Focusing on moving from disorder in today’s world

To borrow and adapt a phrase from F. Scott Fitzgerald and those over at Cognitive Edge:The test of (complex adaptive) intelligence is the ability to hold two opposed ideas in the mind at the same time and still retain the ability to function.”

I wanted to go back to one of my favorite frameworks, the Cynefin framework for partly thinking through the “known-unknown-unknowable” in our present world. We are seemingly more in the “unknown or unknowable” at present, perhaps in a world of disorder, in our understanding and actions relating to this coronavirus, a global pandemic.

The Cynefin framework is from Dave Snowden through Cognitive Edge. The positioning of Cognitive Edge is “making sense of complexity in order to act.”

I start by suggesting we need to find ways to navigate ourselves back into some (new) order; to stabilize the chaos we are in. What we first need to do is make sense of what is going on around us, we need to determine what actions to take and the level of action, resource and support each part needs.
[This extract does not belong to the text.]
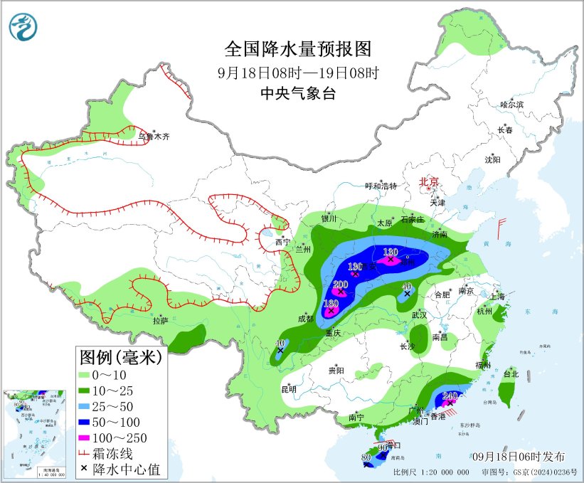 其中,9月18日08时至19日08时,甘肃东南部、陕西中南部、山西南部、四川盆地中东部、重庆西部、湖北北部、河南中北部、山东西南部、福建南部、广东东部和西南部沿海、海南岛等地部分地区有大到暴雨,其中,陕西南部、河南西部、四川盆地东部、广东东南部沿海等地部分地区有大暴雨(100~240毫米)。上述部分地区伴有短时强降水(最大小时降雨量20~50毫米,局地可超过70毫米),局地有雷暴大风等强对流天气。中央气象台9月18日06时继续发布暴雨黄色预警。

We need to constantly ask: is it clear, complicated, complex, or chaotic, or even worse, highly confusing. The Cynefin framework significantly helps us to determine what particular parts we are dealing with, in the decisions needed.

Working through the current disorder we find ourselves in

In times like these, we need to “unfreeze.” It is a necessary time where we need plenty of adaptive thinking on our needs to start thinking how we are going to emerge out of this “lockdown,” so many of us are in and apply our reasoning to literally “crank starting” the economy engine again.

Even if this is one month, two months, or longer, we need to become creative and innovative. We cannot be held in this “frozen state” for long without looking to become economically productive again. It may be in different ways, in new roles, or in transition until we have a higher “grip” of what we can achieve in a very volatile, challenging world.

If we remain in our present states, then what I suggest as a ‘frozen state’ remains, we default back to what we know, based more on repeating patterns, believing everything is orderly based on efficiency, effectiveness, and doing what is necessary to manage daily. Well it is not, we are in chaotic and unpredictable times.

This, regrettably, is simply not good enough in today’s world as it has changed so radically in these last few months.